Ses parents étaient morts.

Ils avaient été brûlés vifs. Un héros... Un héros les avait tués. Et avait fui toute responsabilité.

Un héros les avait tués. Son père. Sa mère.

Ils avaient disparu.

Il senti une vague de haine l'envahir. Sa mâchoire se serra. Son corps se tendit. De lourdes larmes de rage et de désespoir lui échappèrent.

Endeavor. Endeavor les avait tués.

Un cri d'agonie résonna dans la pièce, déchirant ses cordes vocales. Il se mit à pleurer, bruyamment, attrapant la couverture du lit dans lequel il se trouvait entre ses doigts. Il allait payer. Endeavor avait tué ses parents. Il avait fui, comme un lâche. Et le garçon lui ferait payer.

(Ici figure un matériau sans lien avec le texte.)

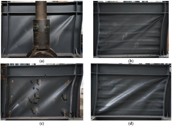 Taking specimen A (the SPSW with flat panel) as an example, the buckling of the flat panel did not occur when the top displacement was 4 mm. The tension field strips may be formed, which were inclined, and the inclination angle of the strips was about 45°, as shown in Figure 4a. When the lateral load reached 300 kN for the first time, the specimen produced a loud bang. In the following cycles, the specimen would continue to make loud bangs. As the top displacement increased, the infill steel plate gradually began to yield. At the end of each cycle, the specimen had a large residual deformation. With the increase in loading cycle number, the residual deformation increased. There were no cracks formed during the whole test. The ultimate deformation of the flat SPSW was large than 62 mm, whereas the shear bearing capacity of the flat SPSW was reduced by about 15%. When the test finished, local buckling may be formed in the flange of the compression column, and there was only a slight out-of-plane deformation formed in the flat SPSW.

Des bras s'enroulèrent autour de lui, le faisant se coller contre le corps de la personne à son chevet. Par reflexe, il se blottit contre celle-ci, libérant la literie pour attraper sa chemise, se laissant aller à ses pleurs. Une main passa dans ses cheveux pour les caresser avec délicatesse, dans le but de le rassurer. Une agréable chaleur, encore infime, se propagea en lui, contrastant avec le feu de sa rage.


« Shht... On est de ton côté. On t'aidera à te venger de cette enflure. Je te le promets...Kuklya. »



*



« Prévenez les héros ! On a un problème, ici !

- Un patient a été assassiné dans sa chambre ! Il ne respire plus ! Et l'électrocardiogramme est...

- Poignardé ! Il a été poignardé ! »


Le personnel infirmier s'affairait, telles des fourmis au sein d'une colonie, dans la chambre d'un vilain hospitalisé depuis maintenant plusieurs jours. Un garçon d'à peine une vingtaine d'année aux cheveux blancs qui avait été retrouvé mort, dans son lit, par une infirmière qui passait vérifier son état. La personne à l'origine du meurtre avait attendu que le héros en charge de le surveiller s'absente le temps de quelques minutes afin de passer à l'action, réduisant le garçon au silence à tout jamais. De son torse s'écoulait son sang, encore chaud, tachant le lit dans lequel il reposait, sans vie.

Jamais l'envie de divulguer la moindre information quant à la Ligue des Vilains ne lui traverserait l'esprit.

Voilà ce qu'il en coûtait de trahir cette organisation, de s'opposer à elle.

Sa mission accomplie, Himiko Toga, revêtant l'apparence de l'une des médecins, sortait de l'hôpital, un large sourire aux lèvres. Tout le monde était bien trop en proie à la panique pour lui accorder la moindre attention.

Elle attendit de s'être suffisamment éloigné de l'établissement pour retrouver son apparence initiale, inhalant longuement, visiblement ravie. Elle venait de tuer l'un de ses anciens camarades sans sourciller. C'était une sensation étrangement agréable ! Rien que d'y penser, elle en frissonnait !

Elle se tourna une dernière fois vers le grand bâtiment blanc, et laissa son sourire s'élargir. Adressant un dernier adieu tacite à son ancien ami, elle fit volte-face et se remit directement en route, sautillant, pressée d'annoncer la nouvelle aux autres membres.

Les fils du pantin usagé avaient été coupé.

La fin de son service était arrivée.

Il était enfin temps pour lui de se reposer.